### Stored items
______________________________
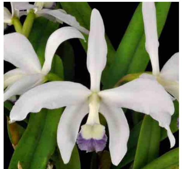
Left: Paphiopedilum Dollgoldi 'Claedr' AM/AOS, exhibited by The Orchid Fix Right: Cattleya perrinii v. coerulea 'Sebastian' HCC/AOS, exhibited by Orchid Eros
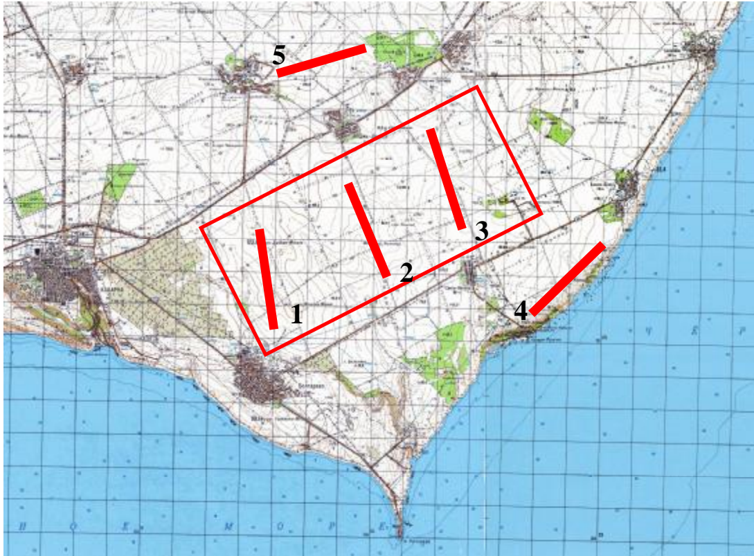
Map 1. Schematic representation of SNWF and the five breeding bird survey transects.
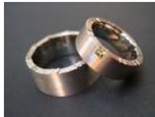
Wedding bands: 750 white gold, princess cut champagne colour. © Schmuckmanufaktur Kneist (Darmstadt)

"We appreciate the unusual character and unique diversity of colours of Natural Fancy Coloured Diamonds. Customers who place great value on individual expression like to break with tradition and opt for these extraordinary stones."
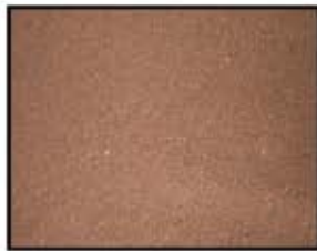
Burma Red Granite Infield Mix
______________________________
### Your objective
All lines from the one containing "Map 1. Schematic" to the last line of the records above, both included, need to be repeated word for word; omit the pictures.

### Solution
Map 1. Schematic representation of SNWF and the five breeding bird survey transects.
Wedding bands: 750 white gold, princess cut champagne colour. © Schmuckmanufaktur Kneist (Darmstadt)

"We appreciate the unusual character and unique diversity of colours of Natural Fancy Coloured Diamonds. Customers who place great value on individual expression like to break with tradition and opt for these extraordinary stones."
Burma Red Granite Infield Mix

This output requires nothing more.